以上、愛について述べてましたが、人間らしくありたいと願う者は、すべからく、この愛を心に抱いていてほしいと思います。

 

人間らしく(四) しとやか篇

 二つ目は、義です。人間らしさのためには、悪を捨て、正義を選ぶことが、ぜひとも必要です。

 義というと、なにやら大袈裟のように感じたり、赤穂四十七士を思い浮かべ、時代錯誤のように思う人があるかもしれません。

 しかし義は一時代に限らず、永遠のものです。義の中身……何を持って正義とするかは、時代によって変化することがあっても、義は尊くない、悪を選ぶべきだとするような時代がくることはありません。この意味で、義は永遠なのです。

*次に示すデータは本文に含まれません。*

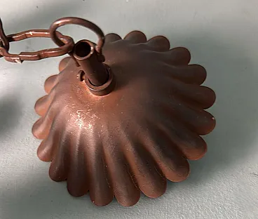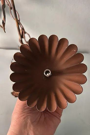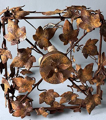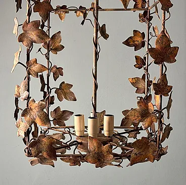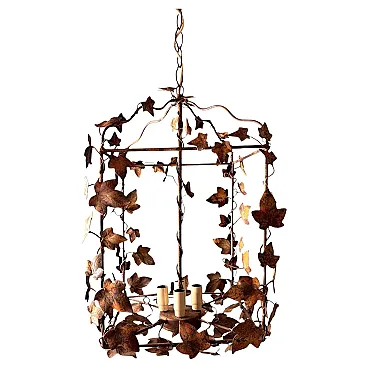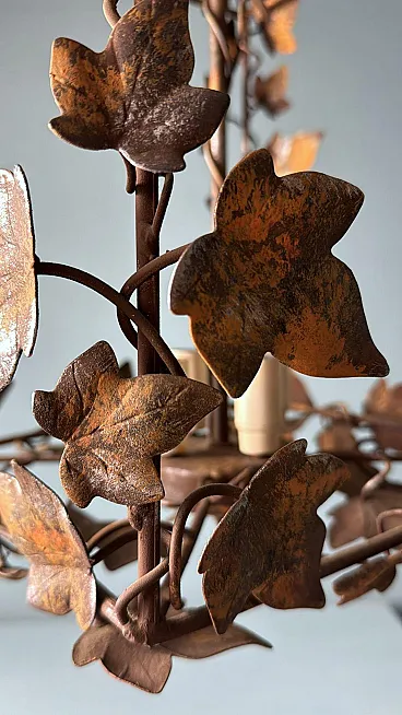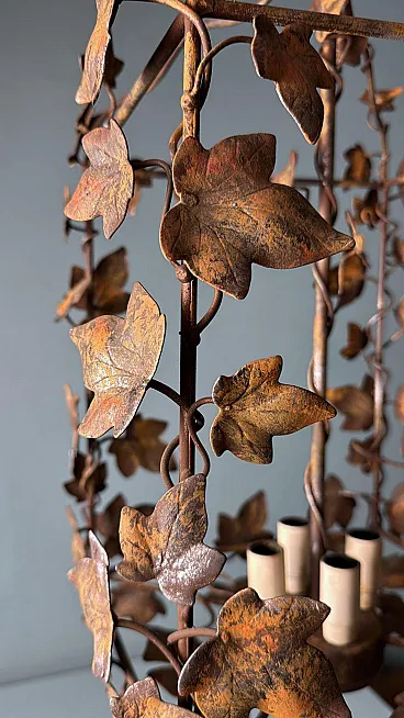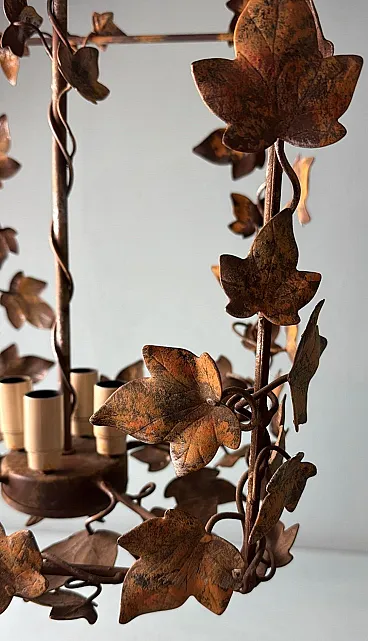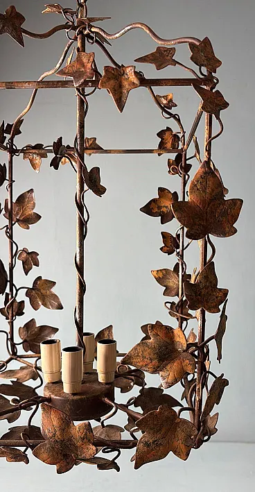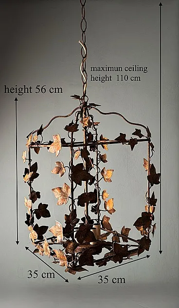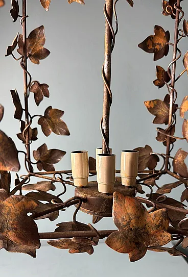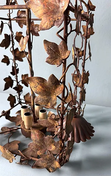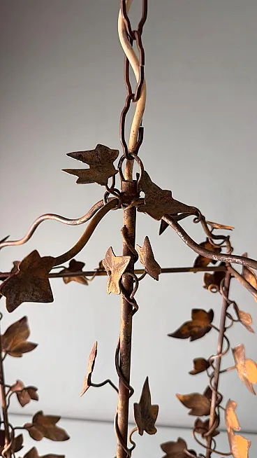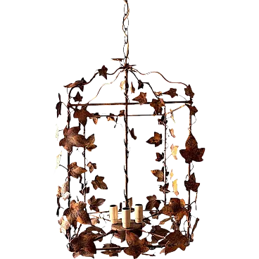 This refined wrought iron chandelier is a true masterpiece of Italian craftsmanship from the 1970s. Its solid yet elegant structure, adorned with intricate vine leaf decorations, evokes the art of hand-forged ironwork—a centuries-old tradition that gives each piece a unique and inimitable character. The aged burnished finish enhances the warmth of the wrought iron, while the structure, both lightweight and durable, ensures longevity and stability over time. The nature-inspired design, with its gracefully intertwined leaves, creates a captivating interplay of light and shadow, making any space feel warm and inviting. Wrought ironwork is one of the oldest artisanal techniques, dating back to ancient times when blacksmiths crafted weapons, tools, and decorative elements for buildings and furnishings. This process requires skill, precision, and creativity, as iron is shaped while hot, hammered over an anvil until the desired form is achieved. Each piece made using this technique is unique, thanks to slight variations and imperfections that enhance its charm. During the 20th century, particularly between the 1950s and 1970s, wrought iron experienced a resurgence in interior design, especially in Italy, where it was used to create chandeliers, railings, bed frames, and elegant, timeless decorative furnishings. This chandelier, with its sophisticated design and vine leaf embellishments, is a perfect example of this artisanal tradition. Its structure reflects the romantic and decorative style typical of Italian craftsmanship from the 1960s and 1970s—a time when artisan workshops focused on creating aesthetically striking pieces, often inspired by nature and the plant world. Handcrafted between 1970 and 1975 in Florence by a master artisan, this chandelier is a unique, precious, and elegant piece. Truly elegant objects are never associated with opulence but rather with the simplicity of beauty and harmony of form. Florence and its craftsmanship boast a centuries-old tradition, deeply rooted in the Middle Ages. Thanks to the guilds and the enlightened Medici rulers, the city and its skilled artisans became the epicenter of artistic production and craftsmanship, a legacy that continues to this day. Its compact size makes this chandelier perfect for various settings: it can elegantly illuminate a dining room, entryway, or bedroom, adding a touch of retro sophistication. The vine leaf design and burnished finish strongly recall the furnishings of countryside homes, particularly in Tuscany (Rustic Style) or Provence (Country Chic Style). These styles are characterized by the use of natural materials, artisanal finishes, and nature-inspired motifs, ideal for warm and welcoming spaces such as farmhouses, agritourism accommodations, or rural-style residences. A decorative piece of great historical and aesthetic value, ideal for those looking to enrich their space with a timeless and artisanal-quality furnishing. The chandelier is in good condition. The electrical system is functional, but the wiring is European: voltage compatibility in other countries should always be checked by an electrician before use. Dimensions: • Width: 35 cm • Depth: 35 cm • Height: 56 cm • Maximum height with chain up to the ceiling: 110 cm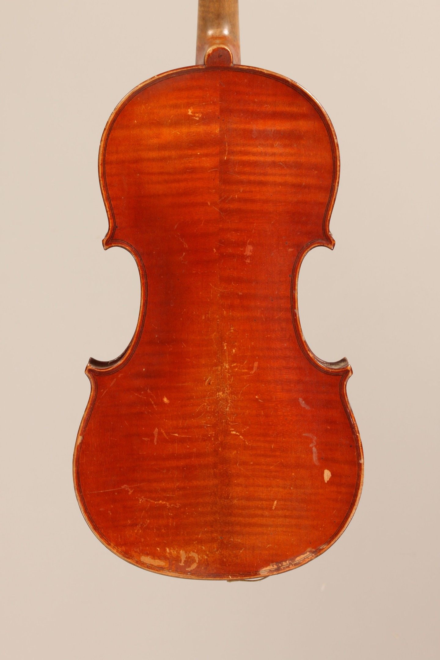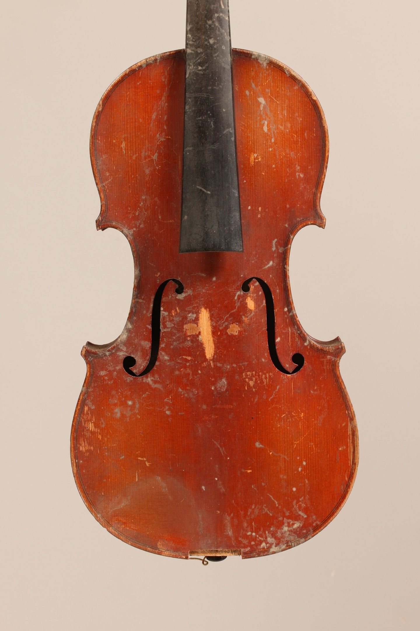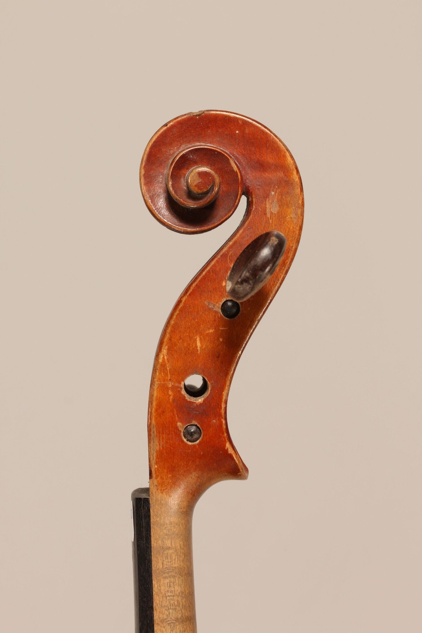 Violon Français, fait à Mirecourt début XXème, fini et vendu par Christian Olivier et Paul Bisch à Paris ; portant étiquette de Christian Olivier et Paul Bisch. Petites cassures et usure sur la table. 357mm. This instrument is more than 100 years old. [VREXP3]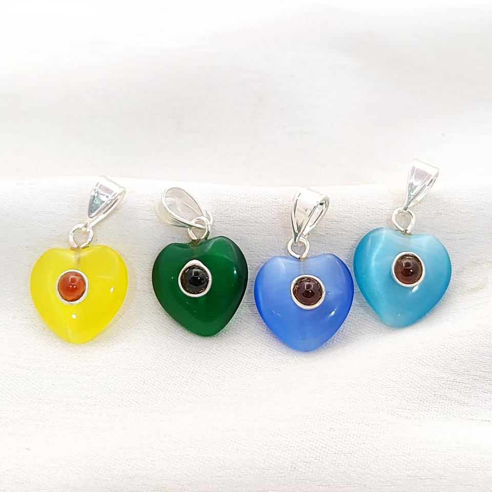 Nombre del Producto:Colgante de corazón Monalisa con ojo de gato y piedras preciosas
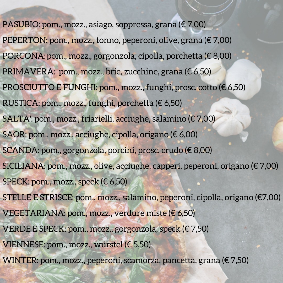 The menu highlights a variety of flavors, including freshly prepared bruschette, such as those topped with salami, tuna and onion, or the special combination of mortadella, pistachios, and burrata on pinsa. On the drinks side, you’ll find classic selections like Americano, prosecco, and a range of craft and local beers, including well-known labels thoughtfully paired with light snacks. Seasonal warm drinks like vin brulé and bombardino make cozy options when the weather calls for something soothing.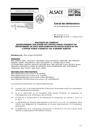 POLITIQUE DE L'HABITAT REGROUPEMENT PAR FUSION DE L'OFFICE PUBLIC D'HABITAT DU DÉPARTEMENT DU HAUT-RHIN HABITATS DE HAUTE-ALSACE ET DE L'OFFICE PUBLIC D'HABITAT VAL D'ARGENT HABITAT

 また、時代的な制約を受けているように見える義であっても、その動機において純粋であれば、時代を超えて支持されうる美しさを備えているものです。たとえば、封建的な義であっても、その根っ子に、恩、義務、尊厳、愛……など、無私なる心がある場合には、現代社会においても、その尊さは変わりません。いまでも忠臣蔵など、仇討の物語が支持されているのはこのためでしょう。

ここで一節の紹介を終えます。